Dr. Hirsch Jakob Zimmels printed various decrees and responsa issued by the London Beth Din during the tenure of Chief Rabbi Solomon Hirschell. These accounts from the Beth Din's ledger were printed in the Jubilee Volume for Chief Rabbi Israel Brodie. Here is one that is particularly interesting, not so much for the situation as for the peculariarly Englishness of it.



Here's a somewhat free translation of an event which occurred in 1823 - I apologize for the salty language, but if it is written frankly in the record then I can write it frankly here. Zimmels was more circumspect than I:
Testimony recorded on Sunday 17 Iyar 5583 (1823) regarding the marriage of Yitzchak Ikey ben Hirsch to Esther bat Lazar.
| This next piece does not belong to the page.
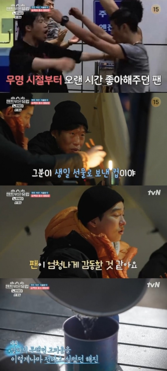 그는 컵을 한참 바라보다 멤버들에게 "무명 시절인 '주유소 습격 사건' 때부터 오랜 팬이 있다"며 말문을 열었다. 그러면서 "이 컵은 그분이 생일선물로 일본에서 보내준 컵이다. 근데 매년 생일 때마다 손 편지를 보내오는데 '텐트 밖은 유럽'에서 내가 이 컵을 사용하는 걸 보고 너무 좋았다고 전해주더라. 이 컵이 그런 컵이다"며 감동 일화를 공개했다.

Esther said that he married her, witnessed by Binyamin who is called Johnny ben Avraham, and he gave her a ring with the intent of consecration. A little later he took the ring from her, promising to give her a different ring. However, Ikey denies it occurred at all, and says that he never gave her anything. What he says happened is that there were many young ladies present and he said to all of them in a joking way a term of consecration, in English, "You bitches, you all belong to me."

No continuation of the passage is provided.